Think of preventive versus predictive maintenance in terms of your car: Preventive maintenance is your oil change cycle; every 10,000 miles, you should get an oil change. It’s based on data, and is a check point to keep things going. Predictive maintenance is the ability to monitor the tread on your tire in real time and have an alert-to-replace delivered at a certain point—before you’re left on the side of the road.
In industrial terms, preventive maintenance is planned downtime for inspections to prevent larger, unpredictable issues. If an encoder, whatever the device, is about to reach the end of its theoretical usable life, it’s switched out. Even when you’re not sure if the encoder had an hour left in it or another five years, it’s not worth the risk.
Like the tire tread, predictive maintenance is getting to the point where you do know a device’s end— so the risk is eliminated. Components and their conditions can be monitored directly, with visibility to their performance and usable life. In one specific example, a wind turbine, we see the variety of conditions, devices and measurements that can help make maintenance more predictive.
- Vibration and strain measurement on blades
- Blade pitch and hub rotation speed
- Atmospheric data
- Vibration of generators and gearbox
- Strain gages on main structural components
- Incremental encoders on the main generator
- Temperature information on generators and gearbox
- Oil particulates and water content
- Yaw motor positions, temperature, and vibrations
Traditionally, quite a few sensors would be needed to gather all this information, and if they were discretely connected, they would take quite a few I/O ports and associated processing time to monitor. We’re consolidating the hardware and information, gathering the data—building blocks—of a predictive maintenance regime right at the source.

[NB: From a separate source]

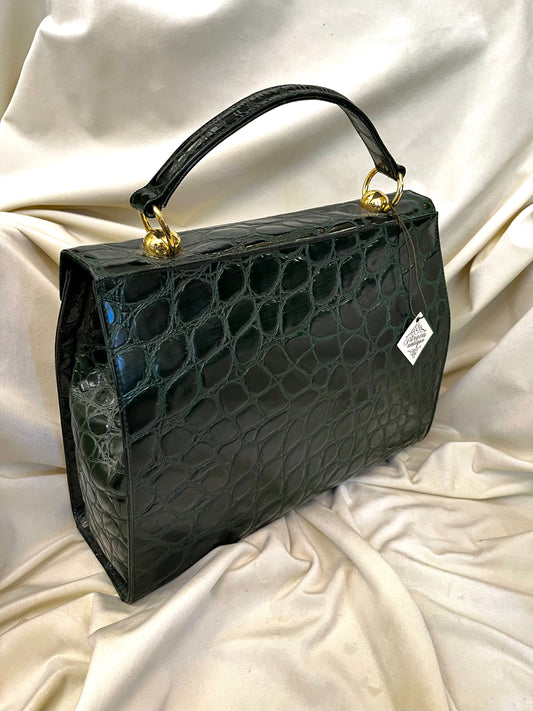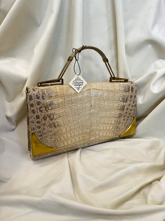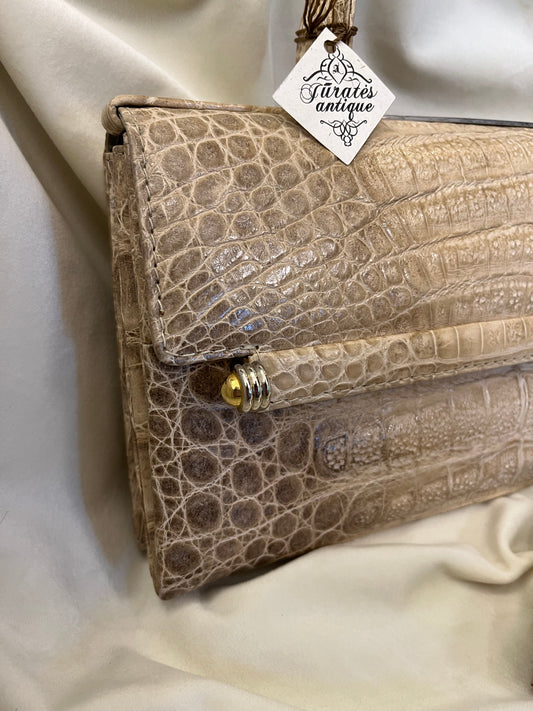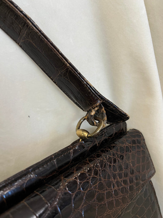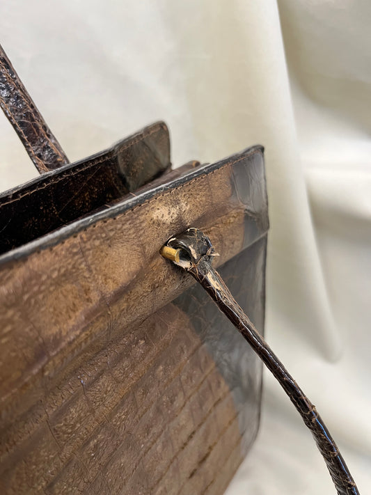Ruda vintažinė natūralios odos rankinė su krokodilo raštu

For example, the encoder self-diagnostics, angular acceleration of the motor rotor, synthetic limit signals, motor and encoder temperatures can be included in the motion-control data packets. In fact, using a rotary encoder is one of the best approaches for detecting vibrations of bearings and shafts, temperature, speed and position in mission-critical motors.
In essence, we’re allowing for more information and a better ability to plan maintenance cycles around the actual usable life of the products. That’s exactly how one goes from preventive to predictive.
What are the benefits of granular monitoring sourced at the heart of a system’s monitoring?
- You stop removing parts prematurely, getting more return on investment
- You keep backup parts or devices in inventory instead of wearing unnecessarily
- You stop purchasing parts or devices you don’t need
- Scheduled maintenance cycles change to less-frequent, on-demand maintenance
- Maintenance (i.e., downtime) is easier to plan—more predictable
- Maintenance and equipment finances are easier to anticipate
Ultimately, planned stoppages are a lot cheaper than surprise downtime, and that’s the true value of predictive maintenance.
For the ultimate in diagnostics and uptime management, our ADS Uptime continuously monitors encoder health and reports problems to the supervisory control via an alarm. The maintenance operator can then, with the help of a PC and analysis software, communicate with the encoder to establish the cause of the indicated fault. The operator is informed of the frequency, internal temperature and operating period at the time of the fault, as well as total operating time and the max./min. operating temperature. Output signals from the encoder can also be compared with the signal that is generated in the cable to detect a short condition in the interconnection.
Over an ethernet connection to a PC or PLC, vibration, temperature, frequency, shaft speed and supply voltage are available. There is also the ability to set automatic warning levels. These can be used to ensure that vibration in the system never reaches damaging levels, frequency and shaft speed never reach over-speed or standstills, and to ensure that the machine does not overheat. Programmable warning levels can also be used to detect voltage drops in the power supply, or to generate an automatic warning when the encoder reaches a certain operating time. This data is stored continuously in the encoder at user specified time intervals, allowing for analysis of trends for vibration, temperature and more when needed.
Best-in-class predictive maintenance starts at a machine’s core. That’s why we’re shrinking devices and enhancing data availability right there, where it’s most valuable and actionable.